PROBLEM:
Would you please repeat exactly the entries below, starting at the line with "作业:展开你想象的翅膀,想一" and ending at the line with "Transforma tu espacio", and nothing outside that range? Leave out the pictures.

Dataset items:
####

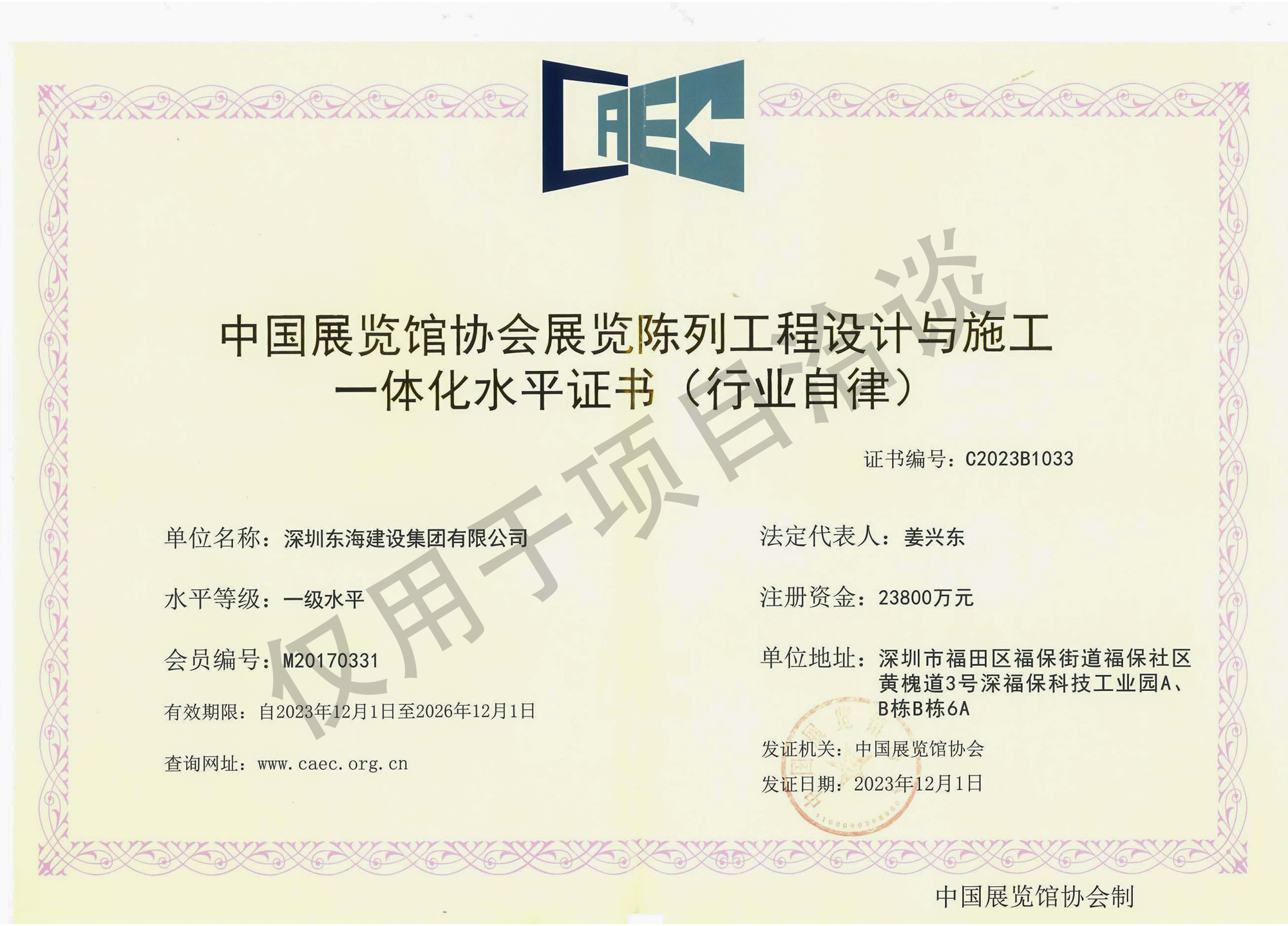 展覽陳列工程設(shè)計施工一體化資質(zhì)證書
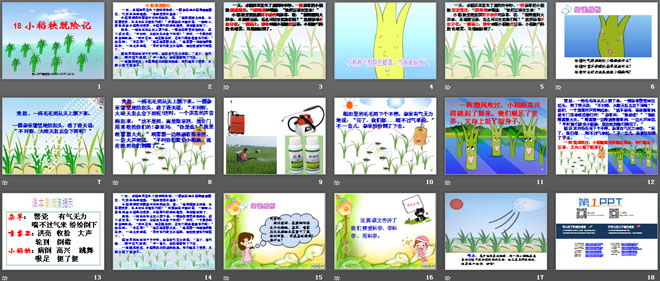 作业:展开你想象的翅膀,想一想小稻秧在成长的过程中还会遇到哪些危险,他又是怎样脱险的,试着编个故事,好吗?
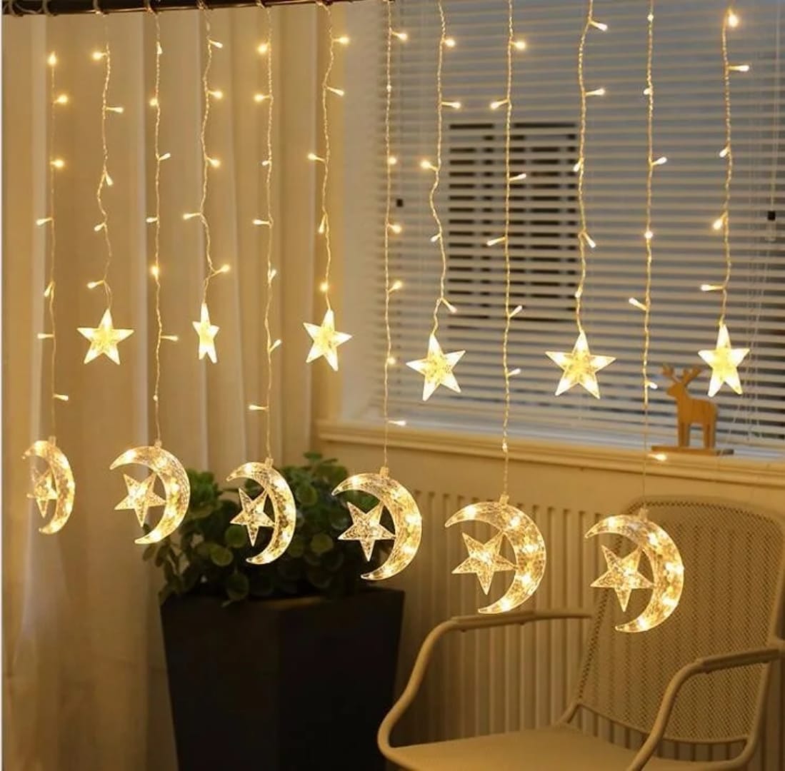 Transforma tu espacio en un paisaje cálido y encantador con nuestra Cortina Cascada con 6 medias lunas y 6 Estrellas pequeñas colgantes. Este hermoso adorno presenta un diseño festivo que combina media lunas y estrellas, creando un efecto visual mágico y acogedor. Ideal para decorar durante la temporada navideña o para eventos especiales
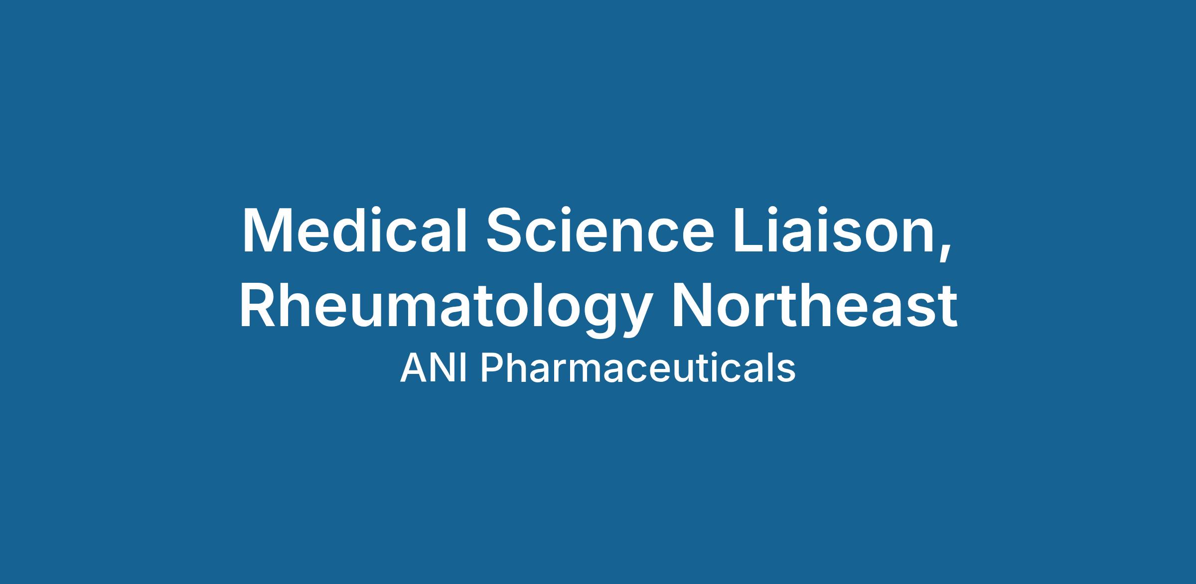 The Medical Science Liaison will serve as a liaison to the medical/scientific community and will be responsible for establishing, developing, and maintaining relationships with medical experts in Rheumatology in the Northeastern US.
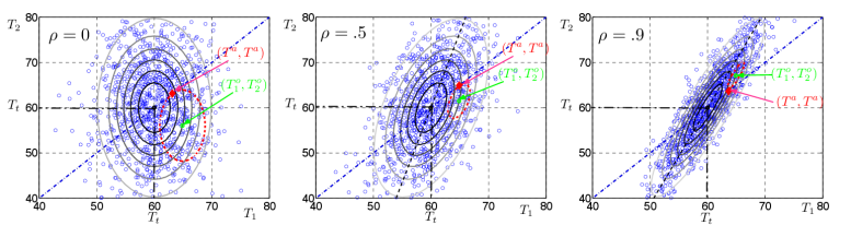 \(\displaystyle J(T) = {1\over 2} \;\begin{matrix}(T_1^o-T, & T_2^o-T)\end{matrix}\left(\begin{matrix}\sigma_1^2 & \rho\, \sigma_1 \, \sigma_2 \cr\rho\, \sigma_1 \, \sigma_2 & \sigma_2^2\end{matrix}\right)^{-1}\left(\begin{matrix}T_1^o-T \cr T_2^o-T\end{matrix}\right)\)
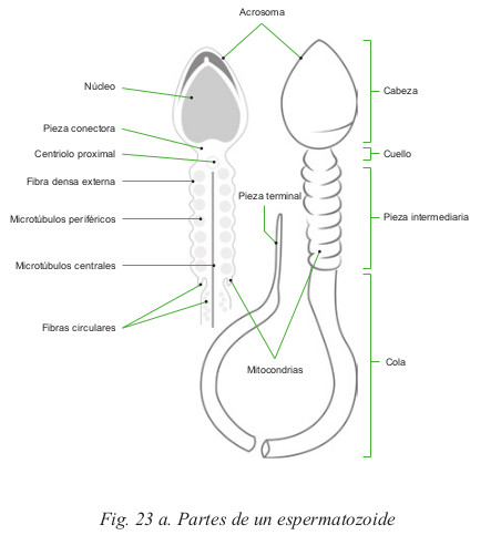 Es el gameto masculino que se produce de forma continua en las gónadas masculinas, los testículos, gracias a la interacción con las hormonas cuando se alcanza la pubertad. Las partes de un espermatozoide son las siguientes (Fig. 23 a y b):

####

TASK ANSWER:
 作业:展开你想象的翅膀,想一想小稻秧在成长的过程中还会遇到哪些危险,他又是怎样脱险的,试着编个故事,好吗?
 Transforma tu espacio en un paisaje cálido y encantador con nuestra Cortina Cascada con 6 medias lunas y 6 Estrellas pequeñas colgantes. Este hermoso adorno presenta un diseño festivo que combina media lunas y estrellas, creando un efecto visual mágico y acogedor. Ideal para decorar durante la temporada navideña o para eventos especiales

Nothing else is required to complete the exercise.